From the nerve terminal to the nerve body. Dyneins transport towards the minus end of microtubules, which is located in the MTOC near the nucleus.
The speed of the movement mediated by dyneins and kinesins is quite extraordinary. In vitro, kinesins can move along microtubules at 2 μm s−1 and dyneins at up to 14 μm s−1. Although these high rates of movement would not be achieved in the complex environment of a cell, they can explain, for example, how caveolar transcytosis of molecules across an endothelial cell can occur in 1–2 minutes. Movement and force generation by both classes of proteins involves ATP hydrolysis and allosteric shifts in the orientation of the motor domains, so that the proteins are thought to ‘step’ progressively down the microtubule.
Notice however that the ATP-binding site of kinesin (Figure 31) is located at the distal tip of the motor domain, whereas in myosin the equivalent site is deep within the motor domain and covered by the myosin's actin-binding site. Therefore the mechanism of stepping is different in the two molecules. In particular, the α-helical linking region connecting the two motor domains of kinesin appears to transfer allosteric changes between them to coordinate ATPase activity and hence the stepping motion of the protein. It is interesting that the motor domains of kinesin-related proteins that move to the plus end and those that move to the minus end of the microtubule are similar, but the linkage between them is quite different. Kinesin has its motor domain near the N-terminus, whereas the molecule Ncd, which moves to the minus end of the microtubule, has its motor domain located near the C-terminus. It seems that whether the protein is directed to the plus or the minus end is dependent on the configuration of domains and the coordination.
The mechanical cycle of kinesin is outlined in Figure 33. Notice that kinesin is permanently attached to the microtubule, by either one head or the other. By comparison, the myosin heads (which are arranged in bundles in myofibrils) are only in contact with actin filaments for about 5% of each movement cycle.
What advantage can you see in the stepping mechanism of kinesin when compared with myosin? Remember that the kinesin molecule acts singly, whereas myosin acts in concert with other myosin molecules in the myofibril.
It means that kinesin does not let go of the microtubule between steps, so the cargo is permanently attached and less likely to be lost from its trackway, which could lead to its misdirection.

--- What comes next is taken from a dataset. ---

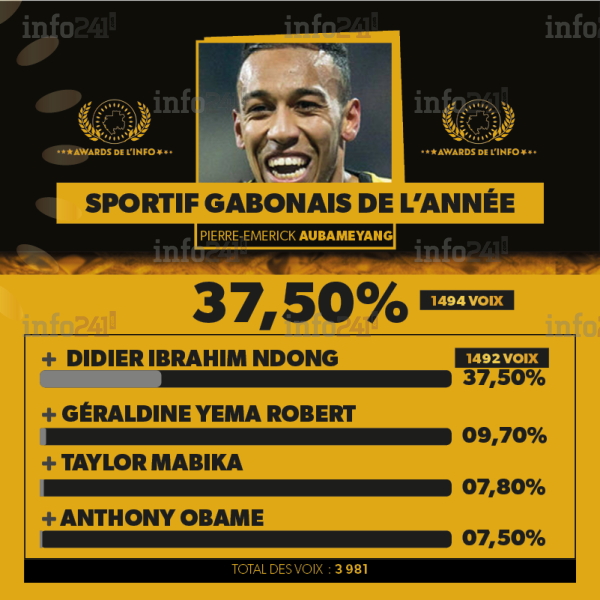 La catégorie sportif gabonais de l’année a connu la victoire d’une courte tête de Pierre-Emerick Aubameyang qui a recueilli 1 494 suffrages soit 37,50% suivi de près par Didier Ibrahim Ndong second avec 37,50% et 1 492 voix soit une différence de deux voix. Géraldine Yema Robert a terminé 3e avec 9,70%, Taylor Mabika (4e avec 7,80%) et Anthony Obame (5e avec 7,50%).

How are different motor proteins associated with different trafficking vesicles? Figure 34 shows a basic hypothesis of how a vesicle attaches to a microtubule, but the details of this process are still largely unknown. Observation of moving caveolae suggests that they tend to track initially to a large endosomal compartment, the caveosome, located near the MTOC and then switch to move away, as they traverse the cell. However it is also clear that individual caveolae can alternately move forwards or backwards along the microtubule network.

What does this imply about the motor proteins that associate with caveolae?
Different motor proteins can associate with the same vesicle – some moving to the minus end of the tubule and others to the plus end.
It has been suggested that there is occasionally competition between kinesin and dyneins to produce this shuffling back and forth, but this is the exception. Observation of the movement of secretory vesicles shows a rapid one-way transfer from the Golgi to the plasma membrane, and the key to this transfer must be the attachment of the correct motor protein as the vesicles bud from the trans Golgi network. However, this subject is not well understood. It is possible that small GTPases, such as those that assemble the vesicle and the coat proteins, could also be responsible for recruiting the correct motor protein to the vesicle, and there is good evidence for different adaptor proteins that link the motor protein to the vesicle. GGA proteins (Figure 19) could perform such a function, but at present the mechanisms of the process are unclear.